About this exercise:
Write out only the lines from the line containing "Chuchan Clothing New" to the end of the listing below, both included, exactly as they stand. Drop the pictures.

Data section:
# # # # # # #

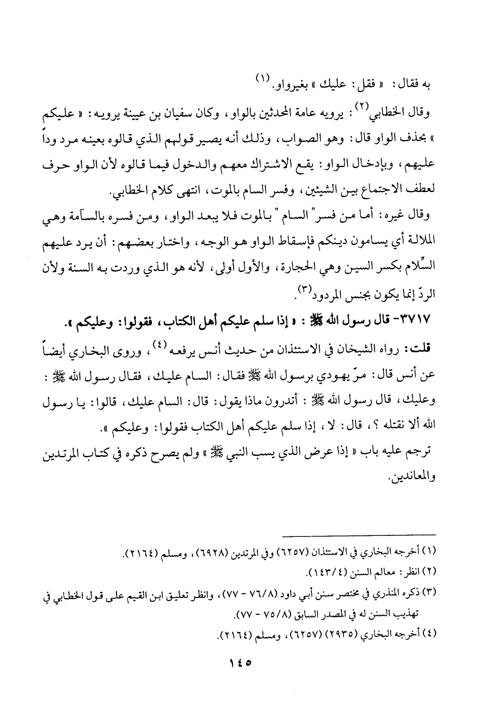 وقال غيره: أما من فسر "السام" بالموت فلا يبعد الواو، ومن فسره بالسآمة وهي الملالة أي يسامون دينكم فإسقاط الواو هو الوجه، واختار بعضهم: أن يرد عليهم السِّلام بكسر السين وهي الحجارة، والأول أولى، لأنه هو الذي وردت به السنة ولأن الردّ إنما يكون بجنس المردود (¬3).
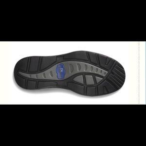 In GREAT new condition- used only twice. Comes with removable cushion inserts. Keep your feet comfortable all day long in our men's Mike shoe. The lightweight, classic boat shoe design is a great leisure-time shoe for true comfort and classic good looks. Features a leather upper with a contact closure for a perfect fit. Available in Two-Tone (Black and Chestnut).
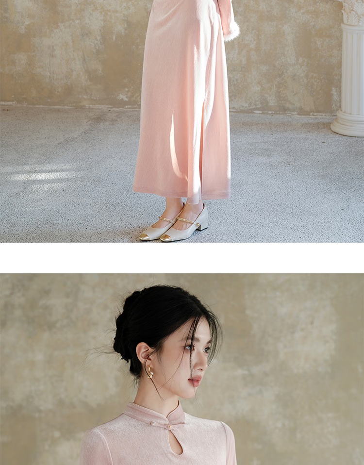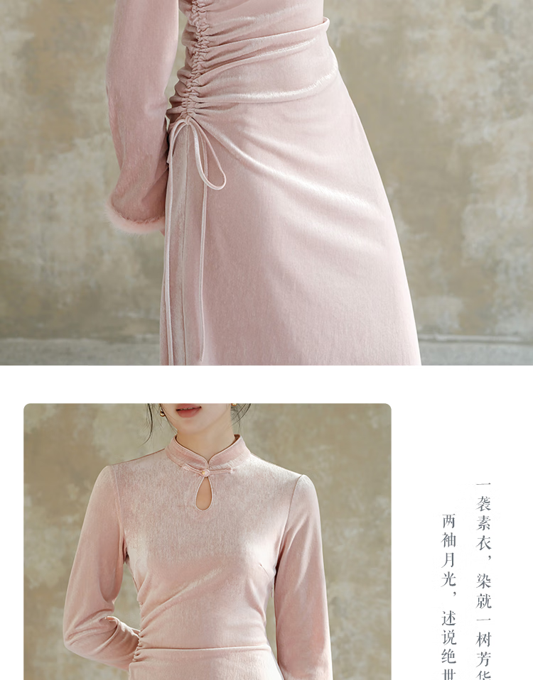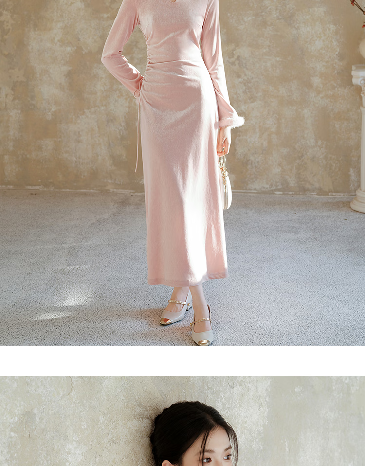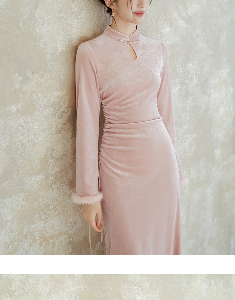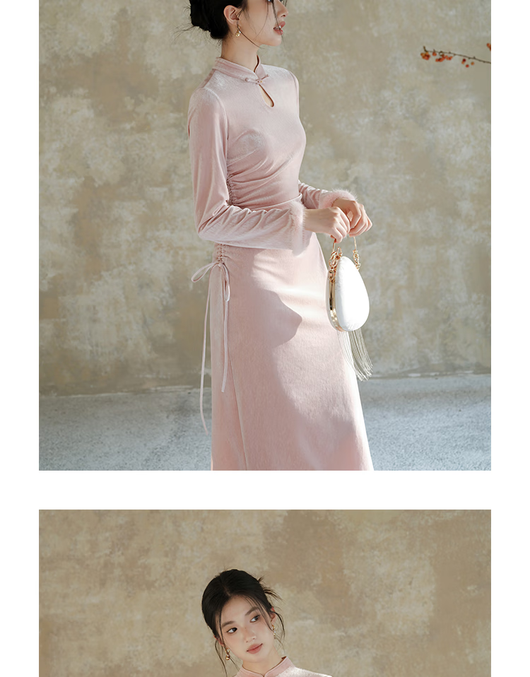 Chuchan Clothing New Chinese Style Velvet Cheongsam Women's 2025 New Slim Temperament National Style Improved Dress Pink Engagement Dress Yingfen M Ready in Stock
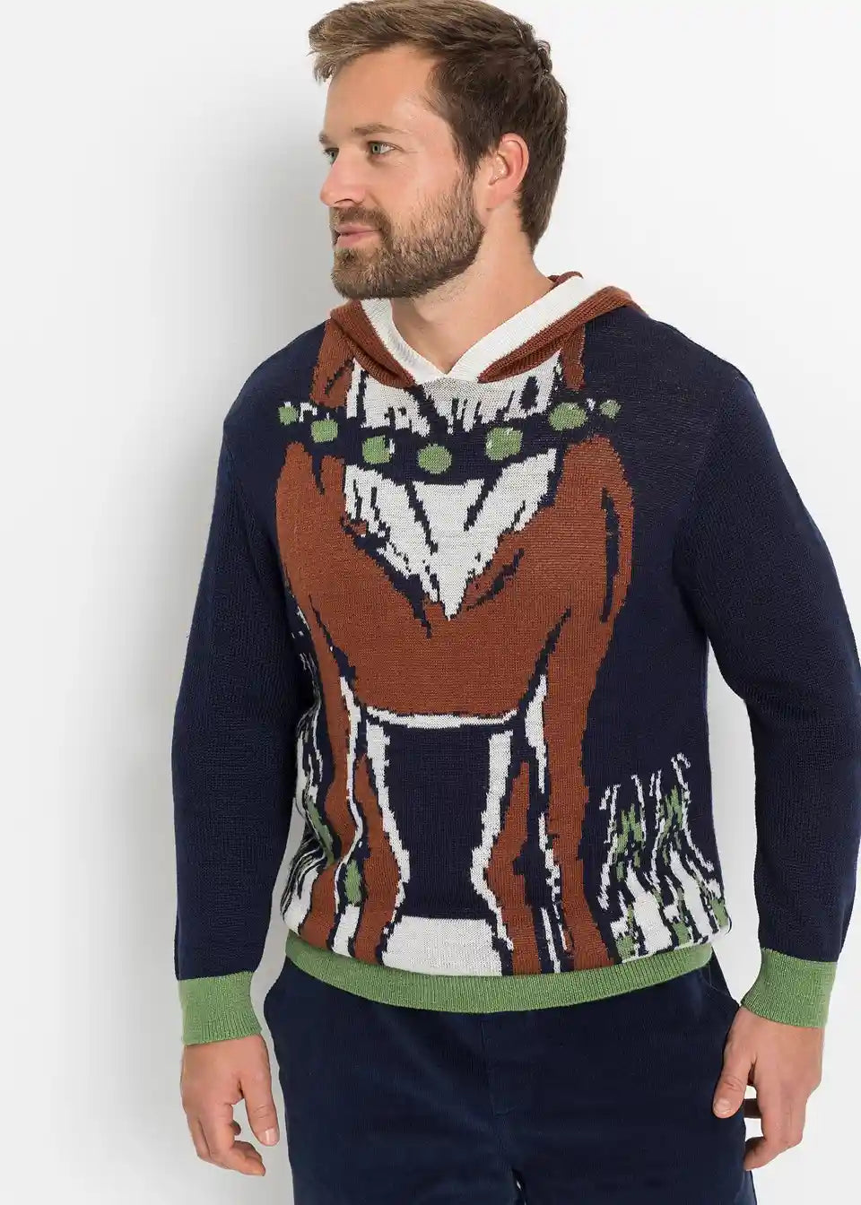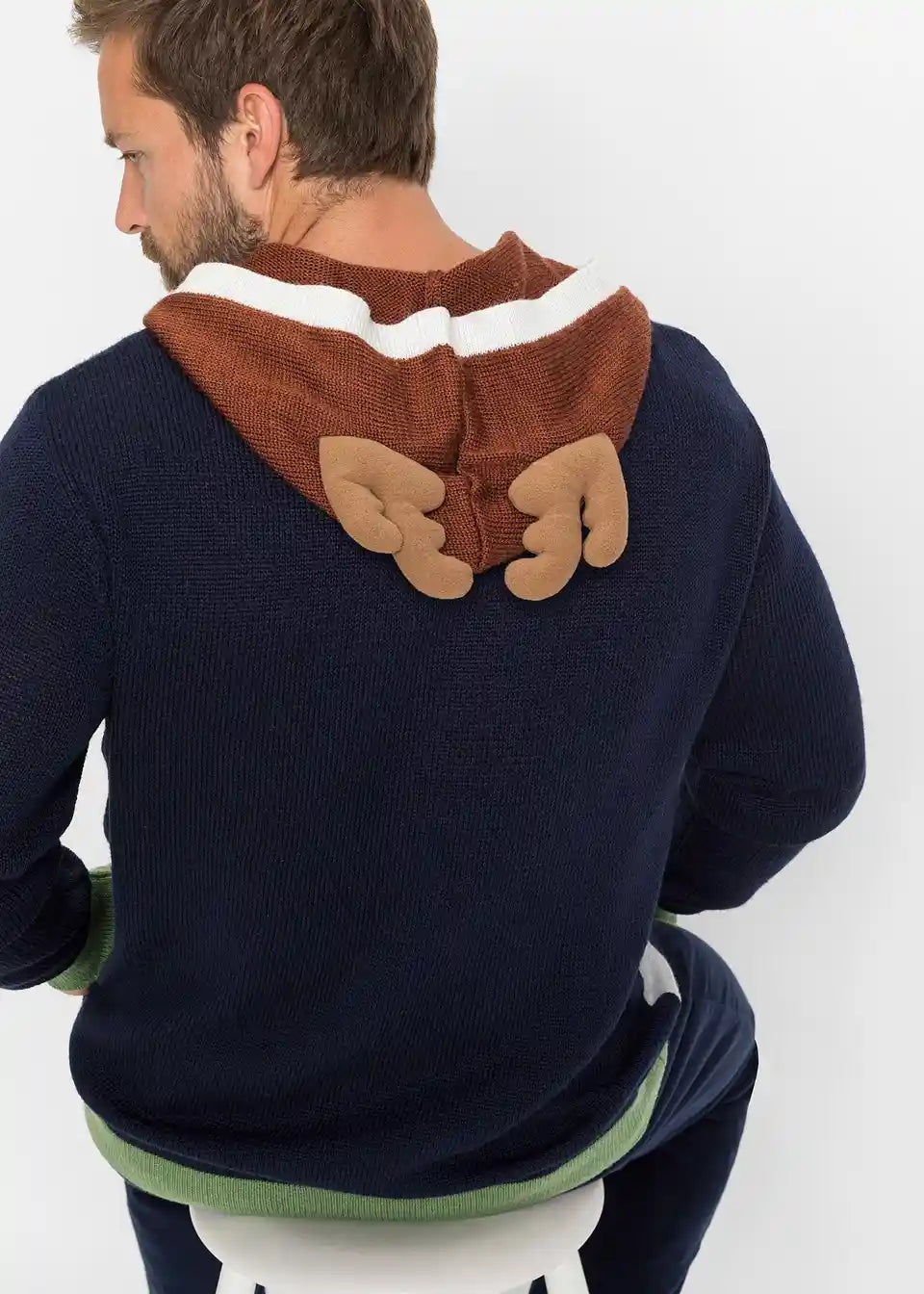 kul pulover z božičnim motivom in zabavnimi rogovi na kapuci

# # # # # # #

Response to the task:
 Chuchan Clothing New Chinese Style Velvet Cheongsam Women's 2025 New Slim Temperament National Style Improved Dress Pink Engagement Dress Yingfen M Ready in Stock
 kul pulover z božičnim motivom in zabavnimi rogovi na kapuci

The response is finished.